Во время подготовки меня тренировали – на случай тяжёлых проверок – отвечать на вопросы следователя в кабинете с чёрными стенами, с направленной прямо в лицо яркой лампой. Учили замедлять темп речи – свой и собеседника, не пугаться опасных вопросов, не паниковать. С учебными ситуациями я справлялась довольно неплохо, но что будет теперь, когда всё происходит более чем всерьёз?
Ответа мне не суждено было узнать, поскольку препроводили меня в кабинет не к следователю, а к психиатру. Обычная комната со светло-жёлтыми стенами, с письменным столом, неизменным медицинским шкафчиком. Дядька не пояснил, кто он, а сразу приступил к беседе-расспросу. Но мне ли не узнать психиатра?! Мои реплики и ответы на вопросы он старательно записывал. Провёл длинный тест. В конце попытался меня загипнотизировать. Хе-хе, давай, дядя, старайся: все твои коллеги с этого начинали! Психиатр попался упорный, предпринял несколько попыток гипноза разными способами. Я насторожилась: мало ли, какой действенный приём он применит! Потом, наконец, отстал и отвёл меня в комнатку, где я прождала часа три, пока совещались доктора и эсэсовцы, которые, как потом поняла, были из службы безопасности «Аненербе».
Место проведения совещания было экранировано. Я не стала искать обход защиты, чтобы не засветить с порога свои навыки боевой нейроэнергетики. Интуитивно угрозы не чувствовалось.

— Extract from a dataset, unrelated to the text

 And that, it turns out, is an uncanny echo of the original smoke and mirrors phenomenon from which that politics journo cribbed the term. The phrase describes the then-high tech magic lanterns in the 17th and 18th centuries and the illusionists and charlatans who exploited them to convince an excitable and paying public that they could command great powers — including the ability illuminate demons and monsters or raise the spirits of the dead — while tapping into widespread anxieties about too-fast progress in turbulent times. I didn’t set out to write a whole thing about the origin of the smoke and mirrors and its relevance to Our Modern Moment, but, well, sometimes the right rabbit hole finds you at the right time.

На ночь меня разместили в номере полупустой гостиницы для служащих СС. Дали очень чистую комнатку со светло-серыми стенами. На входе в здание дежурили солдаты. Мне никто не удосужился разъяснить планы на завтра, денег и хоть какого-нибудь документа не дали. Только накормили, прежде чем отвести в гостиницу, в ближайшем кафе. Вежливо попросили до утра оставаться на месте, чтобы я не потерялась в большом незнакомом городе.

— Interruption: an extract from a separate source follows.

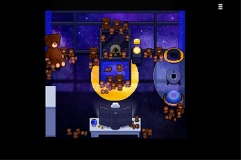 玩家可以在每次进入游戏时选择要扮演的角色,使用物品栏中的“回家券”一键回到自己的住处,也可以在大楼中随意行走,参观其他角色的房间。

Наконец я одна! Долгие месяцы рядом и днём и ночью находились чужие люди. Надо всё равно сохранять осторожность: помнить о прослушивании, не говорить с собой вслух на родном языке, не мурлыкать родных песенок, помнить о контроле сновидений. И всё-таки облегчение, когда стены, двери, шторы закрыли тебя от посторонних глаз!
Впереди ждала полная неопределённость. Тот, кому сегодня было поручено сопровождать меня, не знал, какое задание получит завтра. Считывать нечего.
В этой простой, строгой, чистой гостинице без излишних удобств мне захотелось остаться жить. Тут дышалось вольнее, чем в спаленке детей чужой семьи, чем за занавеской в компании двадцати взрослых мужчин, чем в проходной комнатёнке ламаистского монастыря, чем в крошечной палатке наедине с таинственным незнакомцем.
Я устроила себе настоящий праздник нейроэнергетической гигиены: прокачала каналы, почистила чакры, пропитала каждую клеточку свежей энергией. Не закрывалась: если кто и наблюдал со стороны, то ничего подозрительного в моих действиях нет: обычные практики. Потом долго валялась поверх одеяла без сна, неторопливо перебирая в памяти впечатления последних дней и упорядочивая их.
Одиночество вызывало ощущение физического блаженства. Вместе с тем чем больше я обдумывала ситуацию, в которой теперь оказалась, тем сильнее ощущала необратимую перемену, совершившуюся с переездом в Германию. До сих пор я находилась в открытом мире и могла, при необходимости, уйти от немцев, улучив момент, затеряться в горах, прибиться к людям, которые не выдадут. Рискованно, но возможно. Здесь, в столице Германии, – без охраны и строгого пригляда – я заперта, как в клетке. Податься некуда: на сотни и тысячи километров кругом – сплошь немцы. Не бог весть какое открытие, но, когда ощущаешь собственной шкурой пространственную безнадёжность любого отступления, это впечатляет. Дверца клетки захлопнулась. Этот неприятный факт пришлось принять как данность.